Перу Гладкова принадлежат литературно-критические статьи и литературные портреты писателей, в том числе — П. П. Бажова, с которым Федор Васильевич подружился, живя на Урале.
ОПАЛЕННАЯ ДУША[9]
Я, друзья мои, в трех революциях душой и силой активно боролся. За девятьсот пятый год в трех уральских и двух сибирских тюрьмах отсидел, а из ссылки бежал и работал нелегальным.

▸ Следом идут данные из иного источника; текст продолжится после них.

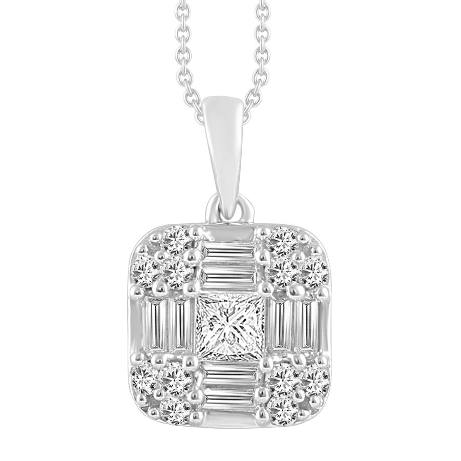 LADIES PENDANT WITH CHAIN 0.50CT ROUND/PRINCESS/BAGUETTE DIAMOND 14K WHITE GOLD
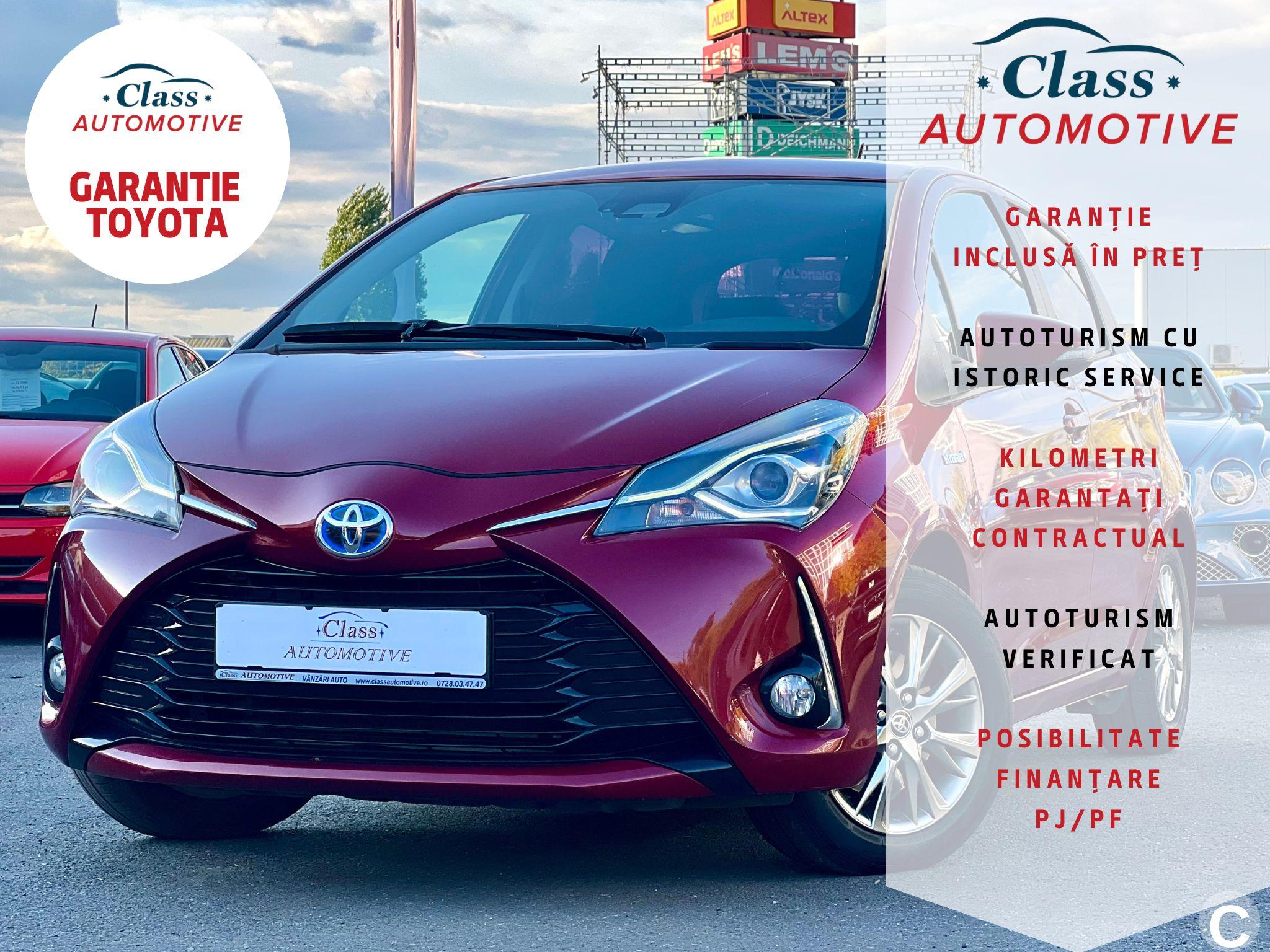 CLASS AUTOMOTIVE – Dealer Auto Rulate --Experienta 15 ani-- TOYOTA YARIS Hybrid - 2020 - Automata - Primul Proprietar Garantie TOYOTA Serie sasiu: VNKKD3D350A646784 Pret: 14.490 EURO TVA inclus si deductibil Pret finantare: 15.045 EURO TVA inclus si deductibil Factura se va emite in lei la cursul de vanzare euro al Bancii Transilvania din data efectuarii platii. ✅GARANTIE 10 ani Toyota ✅Istoric service Toyota ✅Un singur proprietar ✅Autoturism verificat tehnic ✅KM garantati contractual Dotari: - Cutie automata - Climatizare bi-zona - Sistem multimedia cu Radio, Bluetooth - Pilot automat cat si regulator viteza / Cruise control - Geamuri electrice fata - Lane Assist - Computer de bord - Oglinzi reglabile electric incalzite - Sistem Anticoliziune - ABS (controlul franarii) / ESP (controlul stabilitatii) /ASR (controlul tractiunii) - Airbag -uri frontale , laterale / genunchi - Inchidere centralizata Descrierea autovehicului este strict informativa, pot exista greșeli de dactilografiere (optiuni, performanța a motorului, capacitate cilindrica, transmisie etc.) In caz de nelămuriri cu privire la opțiunile prezentate, ne puteți contacta telefonic pentru detalii suplimentare.
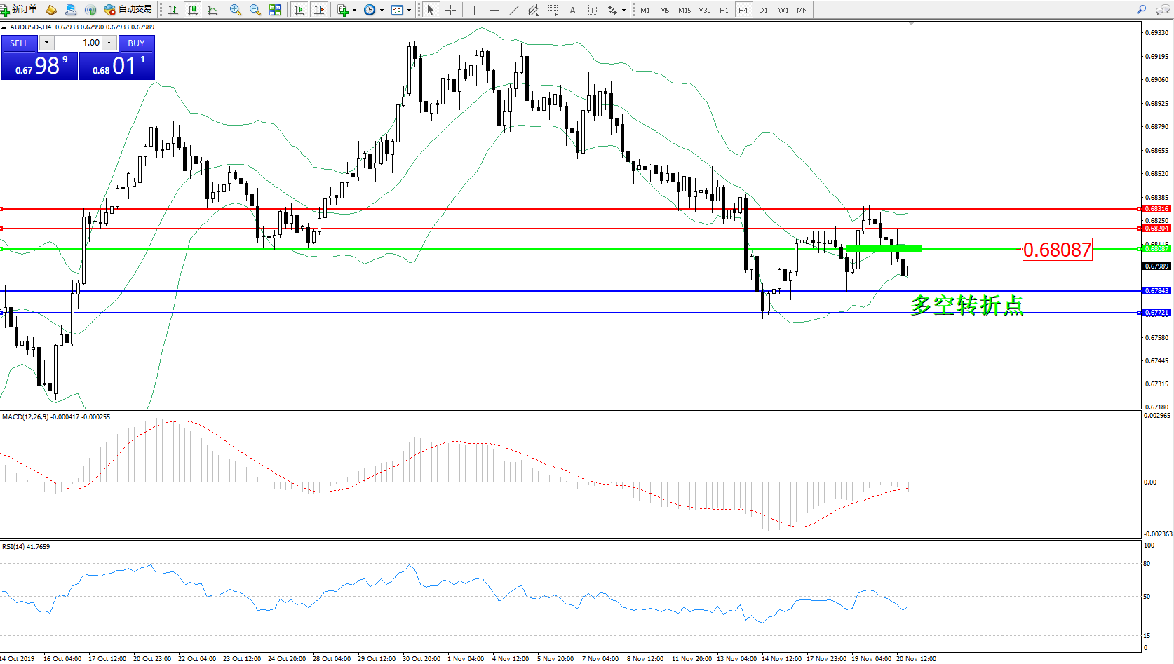 交易策略:0.68087下方看跌,目标0.67843、0.67721
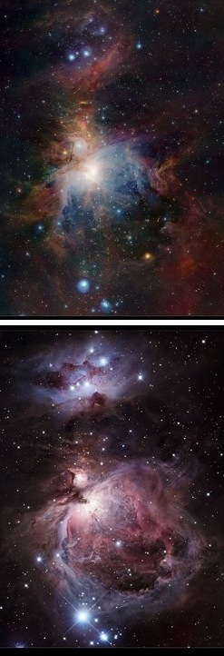 Viereisistä kuvista alempi on vertailukuva, joka on otettu tavallisella näkyvällä valolla. Suurin osa Orionin pilvien valosta tulee vetykaasusta, joka on kuumentunut keskustassa olevien nuorten tähtien ultraviolettisäteilystä. Osa Orionin sumusta on kuitenkin peittynyt pölypilvien taakse.
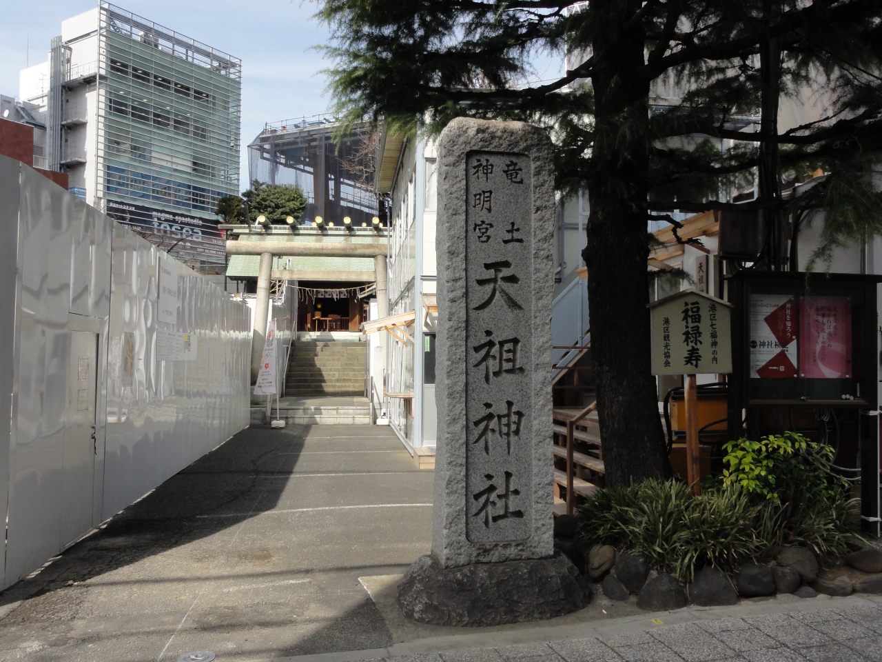 六本木天祖神社は地下鉄の六本木駅から住宅街の龍土町美術館通りを入ったところにひっそりと建っています。神社の隣では大きなビルの工事を行っており高い塀で覆われていますが、工事が完了したとき調和を取れた景観になっているか心配です。
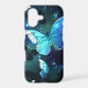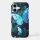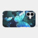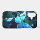 Fabulous, glowing, blue and yellow, night butterfly on dark background.
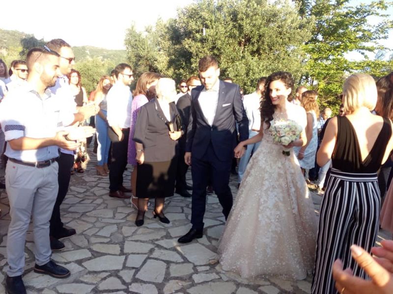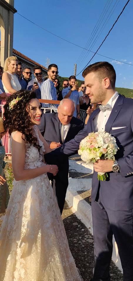 Το μυστήριο διεξήχθη στον Άγιο Ηλία Μυρτιάς και κουμπάρος του ζευγαριού ήταν ο Δημήτρης Μπόκας.
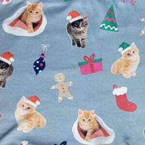 - Grey blue with all-over holiday print featuring kittens, trees, ornaments and presents.
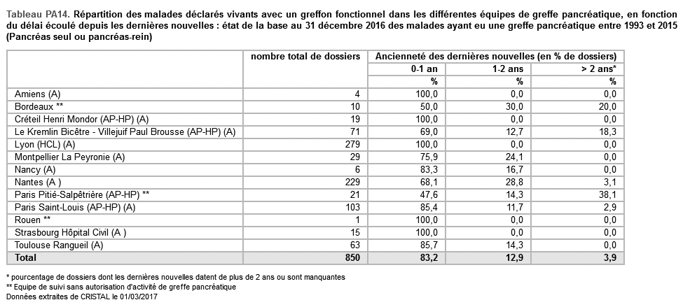 Tableau G14. Foie - Pourcentage de données manquantes du bilan médical à l’inscription pour les malades inscrits en 2016 et du bilan médical à la greffe pour les malades greffés en 2016
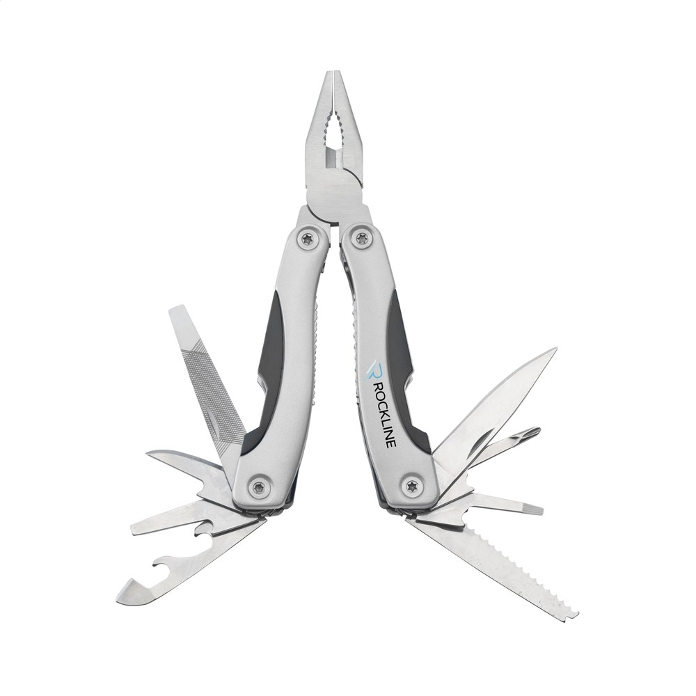 Compacte RVS multitang met aluminium handgreep in metallic look. 9-delig met 13 functies: tang, draadknipper, 3 schroevendraaiers, philips kruiskopschroevendraaier, vijl, zaag/visschraper, mes, priem, blikopener, flesopener. In 600D nylon etui. Op het bezit en/of dragen van messen of multitools in het openbaar kunnen lokale regels van toepassing zijn. Per stuk in kraft doos.
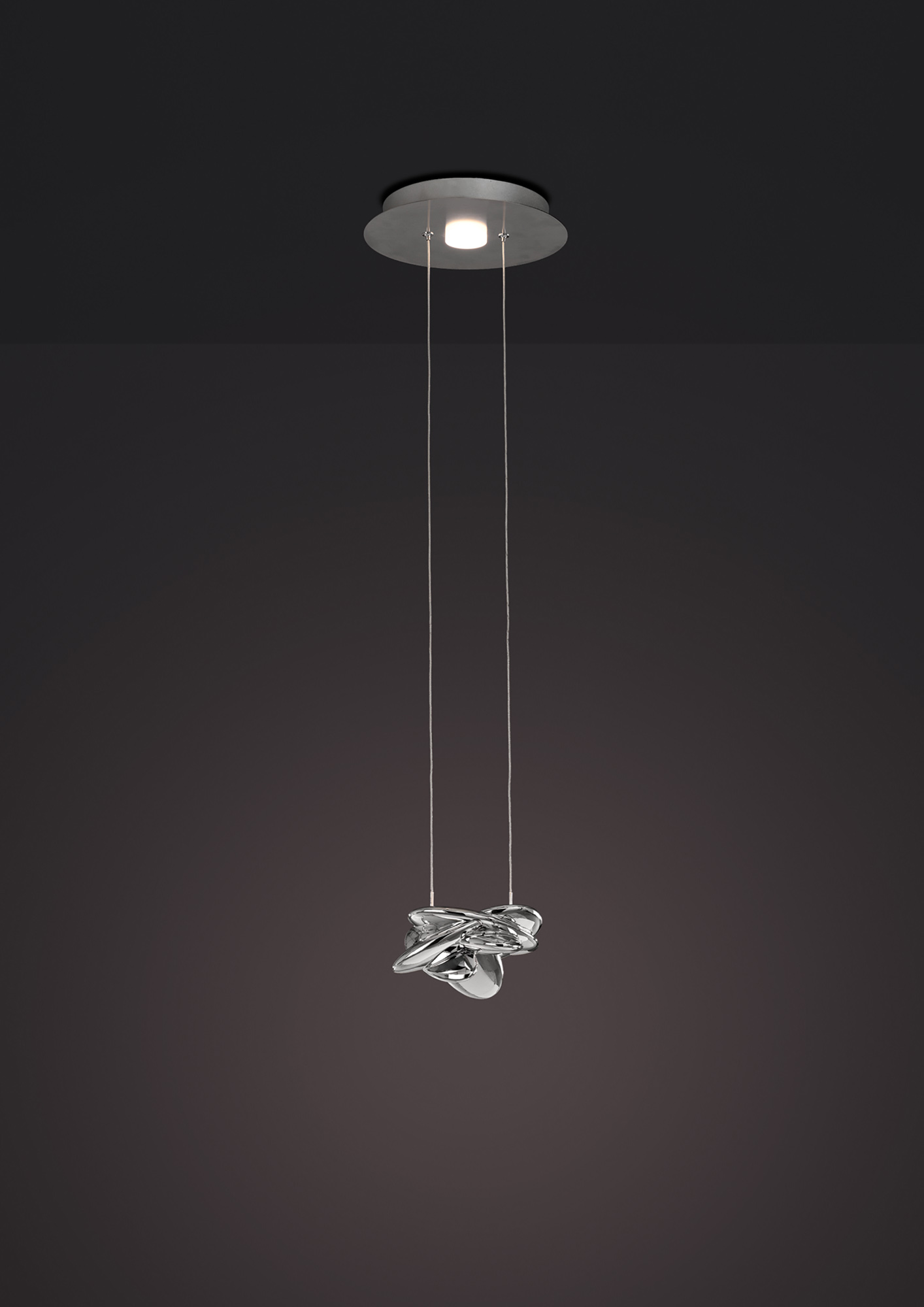 Nido consists of intricately formed substantial sculptural shapes, coated in a metallic polished chrome finish. Each piece holds a set of integral LED’s diffused at the top of the shape, enabling the light to be emitted in an upwards direction. To provide even more illumination the satin nickel ceiling plates of the pendant lights, host LED disks concealed within an acrylic diffusers, further increasing the lumen output and directionality of light. With warm white (3000K) LED’s and a 3 year warranty, this ultra-modern range will create character in its chosen room setting.

Только в семнадцатом настоящее имя с почетом мне возвратили, а этим своим именем, откровенно скажу вам, друзья, очень я гордился, потому что Никифор по русскому смыслу есть Победоносец. И мне, потомственному уральскому металлисту, выпала историческая судьба — на плечах своих нести эту победу рабочего класса и в Октябрьскую революцию, и в войну гражданскую, и в наши пятилетки. Хотя папаша, старик мой, и Петром назывался, но крепким камнем не был: в тяжелое для пролетариев лихолетье жил. Как проклятый раб, кости свои ломал на Невьянском заводе, знаменитом демидовском аду, где земля уральская — не земля, а грунт из костей рабочих — дедов наших и прадедов. И неспроста хозяин постукивал тростью и покрикивал на своих крепостных литейщиков: «Вы — грунт земли неродимости», а понимай — «нерадимости», то есть не радетели о барышах его.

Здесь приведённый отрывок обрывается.